One of the most innovative features of the UTA is its recognition of the Nonjudicial Settlement Agreement (herein “NJSA”) as a vehicle for resolving disputes between beneficiaries and trustees, without requiring court approval.  Use of a NJSA requires that all the beneficiaries (or their representatives) and all the trustees enter into the agreement.  The NJSA in Pennsylvania can include several matters involving the trust, which are listed below, including specifically its termination or modification.

Limitations on Use of NJSA  

A NJSA will be valid only to the extent that it:

● Is not inconsistent with a material purpose of the trust; and

● Includes terms and conditions that could be properly approved by the court under the UTA or other applicable law.

Example:  The express purpose of a grandparent’s trust is to provide for the post-secondary education of her grandchildren until the youngest reaches age 25.  A NJSA could not be used to modify the trust so as to permit distributions to help grandchildren purchase a residence, since that would clearly violate the trust’s material purpose, i.e. post-secondary education.

Permissible Subject Matter

Pennsylvania’s UTA contains a nonexclusive list of 13 matters that may be resolved by use of a NJSA, including:

● The modification or termination of a trust

● The interpretation or construction of the trust’s provisions

● Direction to a trustee to perform or refrain from performing a particular act

● Transfer of a trust’s situs (i.e., its home jurisdiction)
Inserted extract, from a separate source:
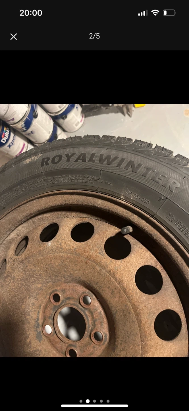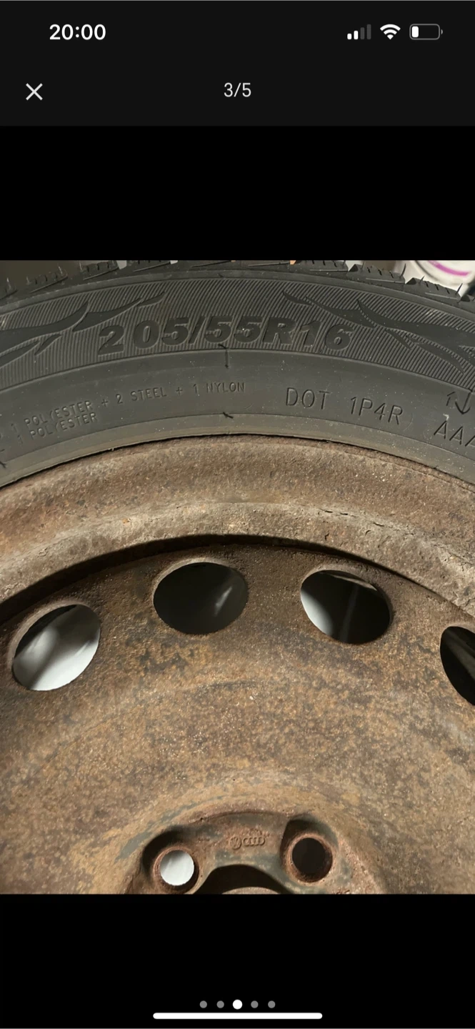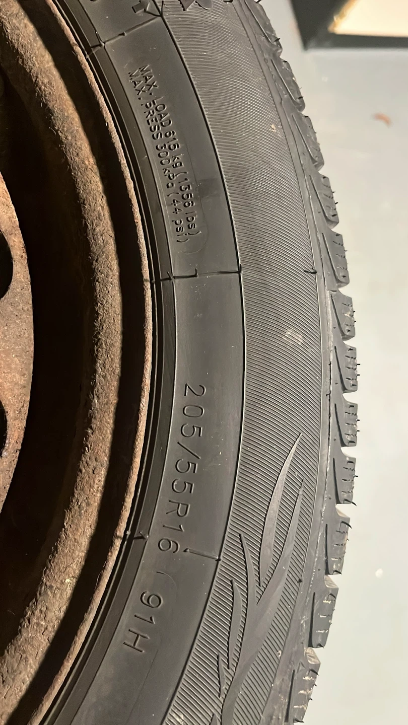 5Selling a (4)Royal Winter tire, size 205/55R16, mounted on a rim. The tire is a steel-belted radial and is tubeless. It's in used condition.

● Granting a trustee any necessary or desirable power

● Exercising (or not) any power held by a trustee

Use of the NJSA

Because a NJSA can be used to resolve issues pertaining to the modification or termination of a trust, it can be used as an alternative to going to court to obtain such relief.
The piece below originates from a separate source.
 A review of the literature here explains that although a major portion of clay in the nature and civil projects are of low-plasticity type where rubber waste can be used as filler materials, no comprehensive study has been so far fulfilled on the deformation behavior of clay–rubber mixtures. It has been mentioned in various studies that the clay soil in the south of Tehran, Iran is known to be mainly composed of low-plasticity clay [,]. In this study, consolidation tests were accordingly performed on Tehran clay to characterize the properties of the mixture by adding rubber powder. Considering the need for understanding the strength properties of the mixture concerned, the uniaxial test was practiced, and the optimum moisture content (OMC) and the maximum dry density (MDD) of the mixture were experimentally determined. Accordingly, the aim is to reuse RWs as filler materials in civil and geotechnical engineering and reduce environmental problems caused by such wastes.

Option to Seek Court Approval of NJSA

Given that the NJSA will not be valid if it contains terms that a court could not have approved or if it violates a material purpose of the trust, in some cases the beneficiaries and trustees may decide to voluntarily seek court  approval of their agreement once it has been finalized between themselves, in order to resolve any future concern over the document’s validity.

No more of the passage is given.